And ii-2, respectively corresponding the characteristic values of the initially selected characteristic attributes to each sample network flow, performing 0 supplementing operation to missing values in the characteristic values, updating the characteristic values of the initially selected characteristic attributes respectively corresponding to each sample network flow, and entering the step iii.
And iii, screening and obtaining each intermediate-level characteristic attribute according to the characteristic value of each sample network flow corresponding to each primary-selected characteristic attribute respectively and the correlation among the primary-selected characteristic attributes, namely obtaining the characteristic value of each sample network flow corresponding to each intermediate-level characteristic attribute respectively, and then entering the step iv.
In practice, step iii above includes steps iii-1 to iii-3.

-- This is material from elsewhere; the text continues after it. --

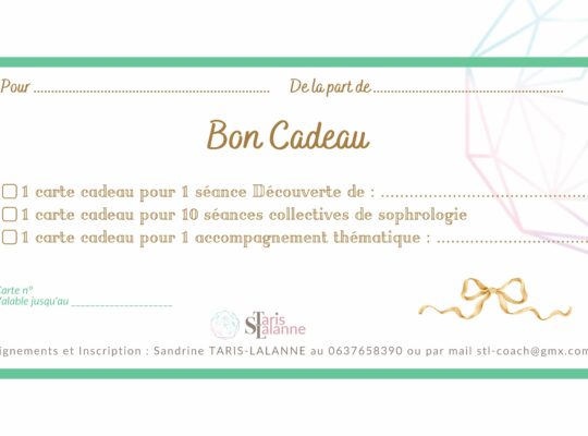 Besoin d’un cadeau original 🎁 ? Seulement quoi offrir ? Un cadeau unique, différent et à l’image de chacun.e ? Je vous propose des cartes cadeaux (séance individuelle ou pack thématique). Cartes pour 1 séance Découverte Vous pouvez choisir une carte cadeau de 1 séance au choix : Cartes pour 10 séances collectives de sophrologie …

And step iii-1, obtaining a characteristic vector sequence of the characteristic value sequence corresponding to each initially selected characteristic attribute respectively based on the characteristic values corresponding to each initially selected characteristic attribute respectively of each sample network flow and combining the conversion from the characteristic values to the vectors, and then entering step iii-2.
And iii-2, obtaining the correlation between every two initially selected characteristic attributes according to the characteristic vector sequence of the characteristic value sequence corresponding to each initially selected characteristic attribute respectively and in a horse-type distance calculation mode, and then entering the step iii-3.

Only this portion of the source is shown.